Tuesday, September 14, 2010

Peña Nieto's frontal assault on democracy: Legislation fast-tracks through Mexico State Congress

The initiative by the Green Party (PVEM) to impede the formation of electoral alliances in the upcoming gubernatorial elections in Mexico State, breezed through the local legislature in Mexico State after a cursory hearing with such a speed that designating it a "fast-track" hardly does it justice.  

What it does:
* While the legislation does pretend to block alliances, it will still allow common candidates, in the sense that PAN and PRD can still present a common one for 2011. However, should this legislation pass the full floor vote, they now basically have to register as one electoral party-coalition, rather than four separate parties  (PAN, PRD-PT-Convergencia) with separate lists for deputies and municipal presidents, as well as, crucially, separate funding. They will only have one common representative at the state electoral institute, which arranges the election and addresses irregularities, as well as only one representative at the ballot box. They will, in essence, operate in a "reverse gestalt," for lack of better word, where the total sum of the four parties will be considerably less than their component four parts. 

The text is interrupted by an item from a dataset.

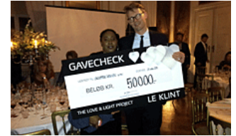
Children Center, Fyn, Denmark, 2015

--> Note here that on the national level, the 2007 Electoral Reform went the opposite direction: While e.g. PT and Convergencia extracted a huge number of "safe seats" from the PRD as a price for going into a full coalition (all votes went to the coalition, not the individual parties) in 2006, this was changed at the federal level as the smaller parties now will have to carry their own weight - they have to present their own legislative/municipal lists rather than negotiating safe seats and "vote transfers" in advance. 

* In addition, however, the legislation also aims at greatly reducing the campaign time from 72 and 60 days for governor and deputies/municipal presidents, respectively, to 45 and 30. Clearly this is directly going to favor the party that already is receiving near total permanent coverage in the media, PRI and its candidate Enrique Peña Nieto. 

* Other measures to reduce party spending as well as methods to designate party representatives at the ballot stations, both intended to favor the sitting PRI. More here later. 

PRI and PVEM voted in commitee to bring the proposed legislation up to a floor vote, and was backed in this by none other than Convergencia, a quintessentially opportunist party that rivals the PVEM in frequency of turnings its cape to the wind (the same party is, to recall, on the national level an ardent backer of Andrés Manuel López Obrador), as well as PANAL and the Partido Social Demócrata (PSD) (the latter is now-defunct on the national level, and its representative in Mexico State is a PRI member in all but name). 

Peña Nieto, in his usual slick doublespeak, claimed he and the PRI were not against alliances at all:
 "What the PRI want is rather to promote a legal framework that permits transparent political competition, and that doesn't create confusion."
Beyond such niceties, this initative is far from aimed at ending confusion, but directly to seek to block a common PRD-PAN candidate in 2011, as well as other measures intended to directly favor the PRI candidate.

Now PRI/PVEM and its backers claims that such amalgams represent a more clear option than common candidacies, where parties run on their own separate labels and lists yet combine to put forth e.g. a common gubernatorial candidate.  The argument does not hold water even in a cursory reading.

PRI/PVEM are using the case of Guanajuato as a precedent; there, the local congress voted to ban common candidacies, which was appealed unsuccesfully to the Supreme Court. Yet the comparison is a spurious one, for a range of reasons, most importantly as it didn't apply to gubernatorial candidates, but municipal-level offices.

Luis Sánchez Jiménez, leader of the Mexico State branch of PRD and one of the most capable of PRD's cadres, deemed Peña Nieto "a danger to democracy and to the country." It is certainly a clear demonstration of the lengths of institutional engineering to which Peña Nieta is willing to go to reach the Mexican presidency.  PRD president Jesús Ortega gets the final word:
"Peña Nieto is on several fronts doing everything possible to prevent the alliance. He knows the risk of a democratic union that can beat him and the PRI in elections in the State of Mexico, and this will be a mortal blow, not only toward his pretensions to be President of the Republic, but a mortal blow to the person who appears today as the candidate of the oligarchy."